ARPAS Measures Atom Acidity
TU Wien, FAU Erlangen-Nürnberg, and Charles University
Developers: Margareta Wagner, Bernd Meyer, Martin Setvín, Michael Schmid, and Ulrike Diebold
Atomically-resolved determination of proton affinity of surface atoms (ARPAS) is a method to quantitatively determine the acidity of individual surface atoms of a solid using non-contact atomic force microscopy (AFM). The acidity of solids is a key fundamental quantity that determines their behavior in many applications, from catalysis to dissolution processes.
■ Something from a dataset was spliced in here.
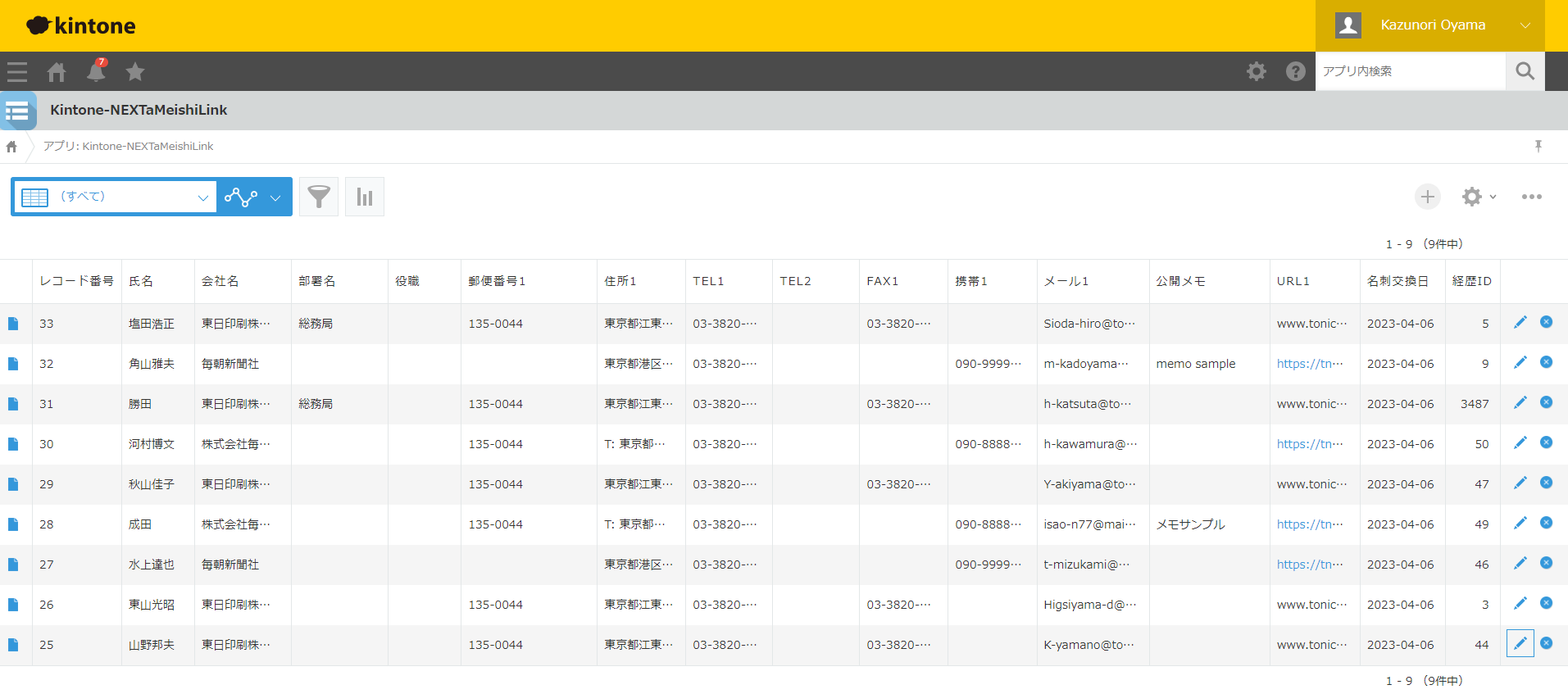 今回、ネクスタメイシがkintone と連携したことにより、名刺やメール署名などを利用して、会社、氏名、部署名、肩書きなどを簡単にkintone へ登録できるようになり、顧客や取引先データの更新作業が大きく削減されます。また、同一人物の名刺が複数登録されていても、最新の名刺情報だけがkintone に反映されるため、自動的にデータは最新に更新されます。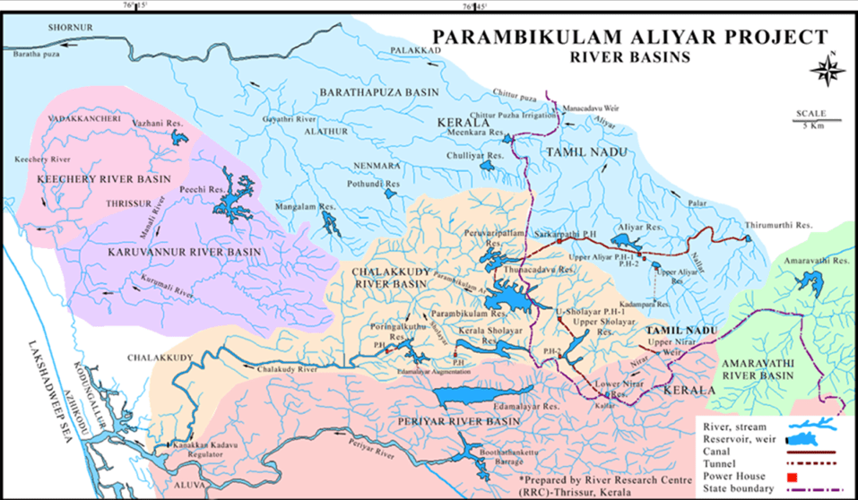 Flood management at Chalakudypuzha basin is a bit complex as four of the six dams, with a combined catchment area of 410 sq.kms are controlled by the Government of Tamil Nadu. Flood management was not a point of consideration in framing the Parambikulam – Aliyar Project Agreement that governs the water sharing from these dams. Given the role of these dams in releasing huge quantity of water during the 2018 floods, Kerala should have engaged with its TN counterpart and arrived at steps to avoid similar situations in future. (This is applicable for the Mullaperiyar dam in Periyar basin too.) It is not known to the public whether the Kerala Government has taken any initiatives in this regard.

For molecules, acidity is well-defined since each acidic atom has the same environment. This is not true for solid surfaces where each atom can have a different acidity depending on its environment. ARPAS determines the acidity of individual atoms on solid surfaces using measurements of force-distance curves on individual surface hydroxyls that are first identified in atomically-resolved images. The AFM tip is tungsten-coated with indium oxide. Experimental force-distance curves are reliable and reproducible, and the measured forces can be calibrated with ab initio calculations on model molecules. Experimentally, these F(z) curves are obtained with a low-temperature nc-AFM that can provide atomic resolution and site-specific measurements with an OH-functionalized tip. The interaction strength between the tip and any atom on the surface (maximum attractive force) is related to the proton affinity of the surface atom, which is linearly related to the acidity of the respective OH groups. To calibrate the experimental forces, density function theory (DFT) calculations modeling the functionalized AFM tip are applied to test molecules with known gas-phase acidities (proton affinities) to calculate the maximum attractive forces.
The ARPAS AFM method is a radically new approach. Never before has it been possible to assess a fundamental property of a single atom on a surface quantitatively. The surfaces of solids are notoriously heterogeneous, and the properties of the same type of atom can be very different depending on its neighborhood. Acidity could be computed theoretically, but it was impossible to compare with experiment since all other methods assessing acidity of a solid surface are area-averaging, that is, they measure all the different atoms at once.
Initially, ARPAS will be used mainly to provide benchmark data on various sample surfaces and for atoms next to defects, dopants, steps, or other adsorbates. Eventually the method might assess and tune the properties of solid surfaces atom-by-atom.